A (Very) Brief Overview of Spatial Data

We do not have time to really get into all the complexities of spatial data in this class, so, unfortunately, it will have to remain a bit of black box for now. But below is a quick overview of how R handles it.

As we saw above, there is a column on the end of our data called geometry. This is not technically a column like we are used to; for example, you can’t select(geometry) or filter(geometry == x) like we do with other variables in our data frames. Instead, think of it as a special attachment R places on each observation.

Vectors vs Rasters

When looking online for spatial data, you might see how spatial data can be either in vector or raster format. For our purposes, everything is going to be vector, which is kind of like a vector in R: collection of data points that represent something spatial. Raster data, on the other hand, is a grid with information assigned to each square, commonly used for satellite imagery analysis.

Vector: here’s instructions (e.g., a formula) to draw a line; great for animations and things like maps and scales well
Raster: here’s a big paint-by-numbers grid and the line you see is where some squares are filled in; great for photographic images, but doesn’t scale well

Vector data are usually either as points (think dots on a map), lines (think a line connecting two points on a map), or polygons (think a collection of lines on a map that create a closed shape). In this lesson we are going to use both point and polygon data (you won’t use line data as much). If this sounds complicated, fear not! It is much simpler than it sounds right now!
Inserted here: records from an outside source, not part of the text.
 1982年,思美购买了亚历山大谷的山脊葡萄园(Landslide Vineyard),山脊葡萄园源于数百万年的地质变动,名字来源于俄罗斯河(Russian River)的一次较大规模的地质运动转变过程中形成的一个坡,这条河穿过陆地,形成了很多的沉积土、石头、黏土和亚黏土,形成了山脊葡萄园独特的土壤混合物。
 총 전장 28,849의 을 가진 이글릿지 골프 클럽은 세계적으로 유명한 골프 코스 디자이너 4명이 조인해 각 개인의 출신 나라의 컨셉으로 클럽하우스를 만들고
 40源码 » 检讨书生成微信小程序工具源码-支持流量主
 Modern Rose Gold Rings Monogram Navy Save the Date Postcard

For those interested, this is a nice intro to the types of spatial data.

Coordinate Reference Systems (CRS)

For purposes of this lesson, the only internal workings of spatial data we need to be aware of is something called the Coordinate Reference System or CRS. Our earth is not flat, but rather is a curved three-dimensional object (NB from BS: this is most likely true). Since we don’t want to carry around globes, we take this 3D object and squish it into two dimensions on a map. This process necessarily involves some kind of transformation, compromise, or projection.

In a nutshell, this is a very simplified explanation of what a CRS decides: it’s *how* we are deciding to twist, pull, squish a 3D Earth surface into a flat surface. Turns out this matters a lot. Do you want your results to have the correct areas? Or maybe correct distances? Or maybe straight lines of bearing (particularly important if you are sailing and don’t want those trips to take any longer than necessary).
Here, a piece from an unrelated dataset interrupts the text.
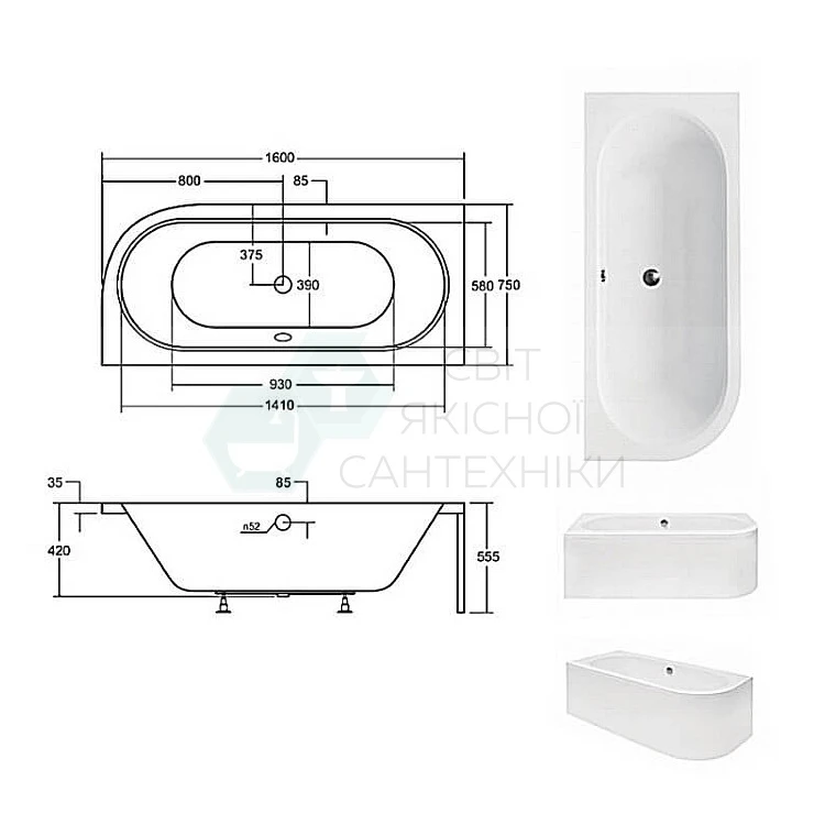 Ванна акрилова BESCO AVITA 160x75 (соло) без ніг

Here’s a (somewhat old) pop culture look at this issue.

This is a relatively complicated process we are not going to go into here. If you’re interested here’s a nice introduction to CRS by QGIS.

For our class we are going to use the CRS ESPG 4326, which is in essence a projection that makes east/west run straight left/right and north/south run straight up/down. All different CRS have their advantages and disadvantages. This is nice and simple for quick descriptive maps, but distorts shapes in ways that might be harmful, particularly if you are going to do any distance calculations, etc.

NB from BS: If you are going to do spatial work in education research (other than just making maps for display), you really need to know what your projection is doing. Even if you are just making maps for display, some projections are, IMNSHO, more aesthetically pleasing that others in different situations. I personally will tell you if your map offends the dictates of good taste.

Keep an eye out for crs = 4326 as we go through some examples plotting spatial data below.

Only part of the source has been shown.